- Gartner forecasts MENA IT spending to reach $169 billion in 2026 — an 8.9% increase from 2025, driven by AI infrastructure, generative AI software, and cybersecurity investment.
- Software spending in MENA is growing 13.9% to $20.4 billion as organisations accelerate generative AI adoption — the fastest-growing segment in the region.
- The GCC — including the UAE — is identified by Gartner as the primary growth engine in the MENA forecast, leveraging stability and forward-looking digital policies to attract global technology investment.
- For UAE businesses, this forecast signals a clear direction: competitors and clients are investing in technology. Businesses that delay digital infrastructure risk falling behind.
- Middle East and Africa is projected to record 89% growth in sovereign cloud spending in 2026 — the highest of any region globally — directly relevant to UAE organisations evaluating cloud strategy.
Every year, Gartner publishes its IT spending forecast for the MENA region — and every year, the same pattern emerges: the numbers go up, the Gulf leads, and the gap between digitally mature businesses and laggards widens.
The 2026 forecast is the most significant in years. MENA IT spending is projected to hit $169 billion — an 8.9% increase from 2025. Behind that number is a story about where the UAE and Gulf region is heading, what technology decisions are being prioritised, and what it means for any business operating here.
This article breaks down the forecast by category and translates each number into practical implications for UAE business owners, IT managers, and decision makers.
The numbers at a glance
"The MENA region is rapidly emerging as a global tech powerhouse, with the GCC leveraging its stability, infrastructure and forward-looking policies to attract global partners and build digital skills."
— Mim Burt, Practice VP, GartnerWhat each spending category means for UAE businesses
AI infrastructure and software — the dominant driver
Gartner identifies generative AI as the primary force behind the forecast upgrade. Software spending in MENA is growing 13.9% to $20.4 billion — faster than any other category — as organisations embed AI capabilities into enterprise applications, productivity tools, and developer platforms. For UAE businesses, this means the AI tools your competitors are evaluating today will be standard operating procedure within 18 months. Waiting to adopt AI tools is not a neutral position — it is a falling-behind position. See our guide on what AI actually does for UAE businesses in 2026 — cutting through the hype.

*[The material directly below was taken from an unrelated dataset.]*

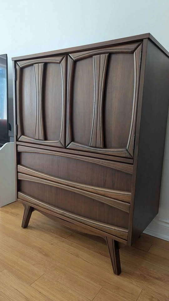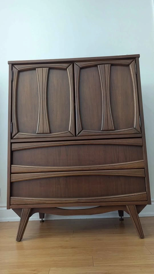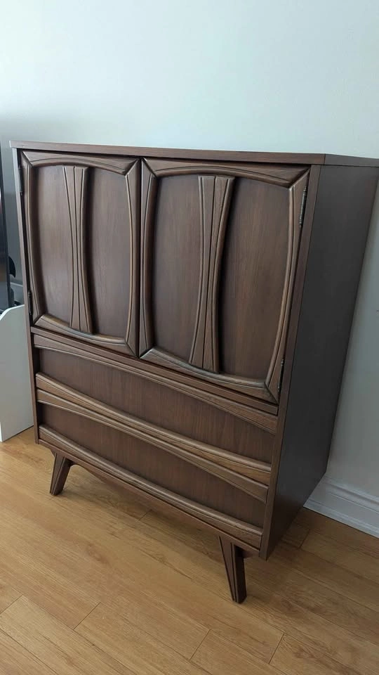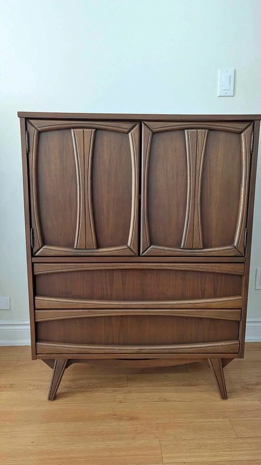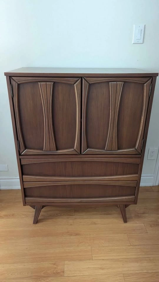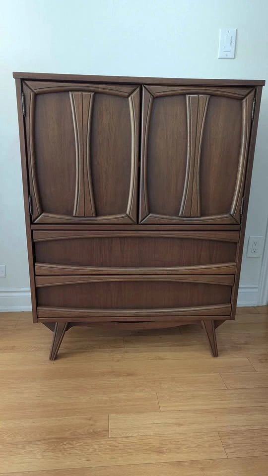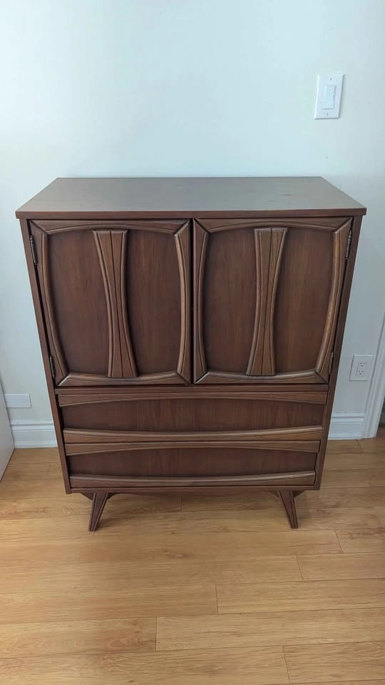 10Great Condition Rare MCM Vintage piece for your collection. Highboy/ Tallboy Dresser with Cedar wood inside the top doors to keep Linens safe. I also have the matching Chest if you are interested for your collection.

Cybersecurity — $4 billion and growing
Information security spending in MENA is projected to reach $4 billion in 2026 — a 10.1% increase from 2025. Gartner notes that persistent threat environments and rapid cloud adoption are keeping security at the top of MENA CISO budgets. For UAE businesses, this means your clients, partners, and procurement teams are increasingly asking about your cybersecurity posture before signing contracts. A business without basic security infrastructure is a liability in the supply chain. See our complete guide: How UAE Business Owners Can Protect Their Website and IT Assets in 2026 and our companion article on what the $4 billion MENA cybersecurity forecast means specifically.

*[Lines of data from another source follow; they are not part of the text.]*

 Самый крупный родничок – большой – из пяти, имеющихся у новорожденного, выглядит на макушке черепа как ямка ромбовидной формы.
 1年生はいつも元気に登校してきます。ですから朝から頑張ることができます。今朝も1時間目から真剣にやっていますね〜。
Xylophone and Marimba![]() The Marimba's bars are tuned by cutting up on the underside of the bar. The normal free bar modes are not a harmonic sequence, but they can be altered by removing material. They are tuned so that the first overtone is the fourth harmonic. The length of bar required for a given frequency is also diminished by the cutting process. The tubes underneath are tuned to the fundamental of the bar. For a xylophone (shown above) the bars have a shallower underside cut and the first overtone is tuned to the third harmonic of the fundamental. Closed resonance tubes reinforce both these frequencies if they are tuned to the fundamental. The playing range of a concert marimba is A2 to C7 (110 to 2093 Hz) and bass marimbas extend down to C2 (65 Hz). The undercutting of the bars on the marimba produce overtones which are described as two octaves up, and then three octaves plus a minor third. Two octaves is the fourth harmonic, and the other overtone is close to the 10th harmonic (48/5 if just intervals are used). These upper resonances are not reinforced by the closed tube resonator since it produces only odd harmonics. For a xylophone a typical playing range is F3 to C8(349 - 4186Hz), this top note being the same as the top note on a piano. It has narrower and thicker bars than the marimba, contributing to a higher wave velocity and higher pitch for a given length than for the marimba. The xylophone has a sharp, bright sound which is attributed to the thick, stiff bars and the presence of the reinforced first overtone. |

Sovereign cloud — 89% growth in MEA
Middle East and Africa is projected to record 89% growth in sovereign cloud IaaS spending in 2026 — the highest growth rate of any region globally. Sovereign cloud refers to cloud infrastructure where data processing and storage remain within defined geographic or regulatory boundaries. For UAE businesses operating under TDRA digital infrastructure requirements, and for organisations serving Saudi clients under PDPL, sovereign cloud is moving from a compliance consideration to a procurement requirement. Gartner projects that by 2030, more than 75% of Middle Eastern enterprises will move virtual workloads to reduce geopolitical risk.
Data centre and infrastructure — AI compute driving acceleration
Data centre system spending is accelerating as MENA CIOs invest in AI-enabled software and AI-optimised infrastructure. This is largely driven by governments, hyperscalers, and technology providers — but it signals the broader infrastructure modernisation happening across the region. For UAE businesses running on ageing server infrastructure or shared hosting environments, the question is increasingly whether their infrastructure can support the AI-enabled tools their business needs. See our guide on why UAE enterprises are moving to Red Hat Enterprise Linux for context on enterprise infrastructure modernisation.

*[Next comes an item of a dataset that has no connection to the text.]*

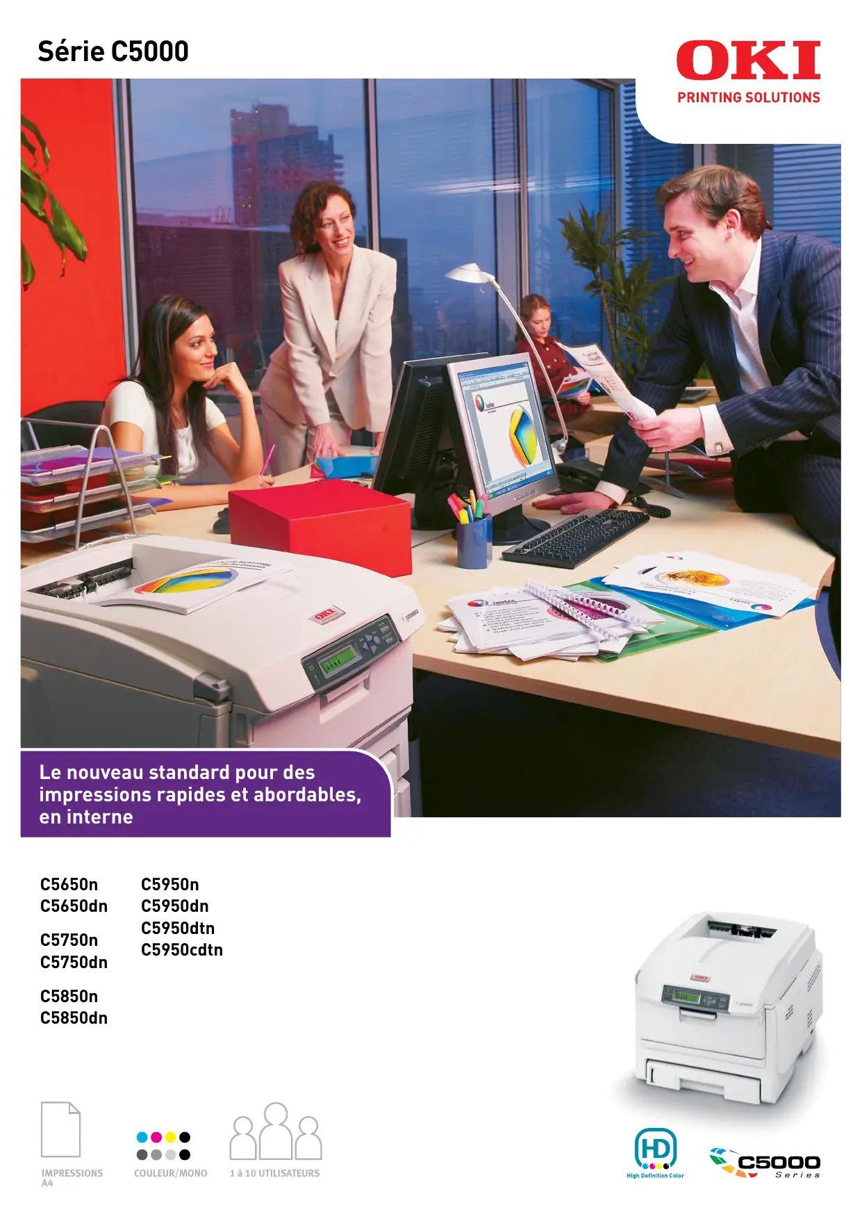 Parce que tous les groupes de travail ont des besoin différents en matière d'impression, la série C5000 répond à toutes les exigences. Les modèles C5650 et C5750 sont destinés aux groupes de travail souhaitant imprimer de gros volumes en monochrome et à faible coût mais qui ont besoin d'utiliser occasionnellement la couleur. En revanche, les modèles C5850 et C5950 sont plus spécialement conçus pour les groupes de travail imprimant la plupart du temps en couleur. Plusieurs options sont en outre disponibles dont les bacs supplémentaires, le module recto verso et la fonctionnalité avancée de sécurité des documents.

IT services — managed services and implementation
IT services — including application implementation, managed services, and infrastructure management — remain the largest overall spending category globally, surpassing $1.87 trillion in 2026. In the UAE context, this reflects the growing demand for professional IT services as businesses move from managing infrastructure in-house to engaging managed service providers for hosting, security monitoring, and application management. For SMEs in the UAE, this is the most accessible point of entry into the technology growth story — professional IT services that handle complexity on your behalf.
What this means if you are a UAE business owner right now
The Gartner forecast is not just a statistic for CIOs at large corporations. It has direct implications for any business operating in the UAE in 2026:
- Your clients are investing in technology. Procurement teams and enterprise buyers in the UAE are increasingly evaluating suppliers on digital maturity — professional website, secure email, documented IT practices. The bar is rising.
- Your competitors are investing in AI tools. The 13.9% software growth is not coming from new companies — it is coming from existing businesses upgrading their capabilities. Businesses not adopting AI workflows are operating at a cost and speed disadvantage that will compound over 12-24 months.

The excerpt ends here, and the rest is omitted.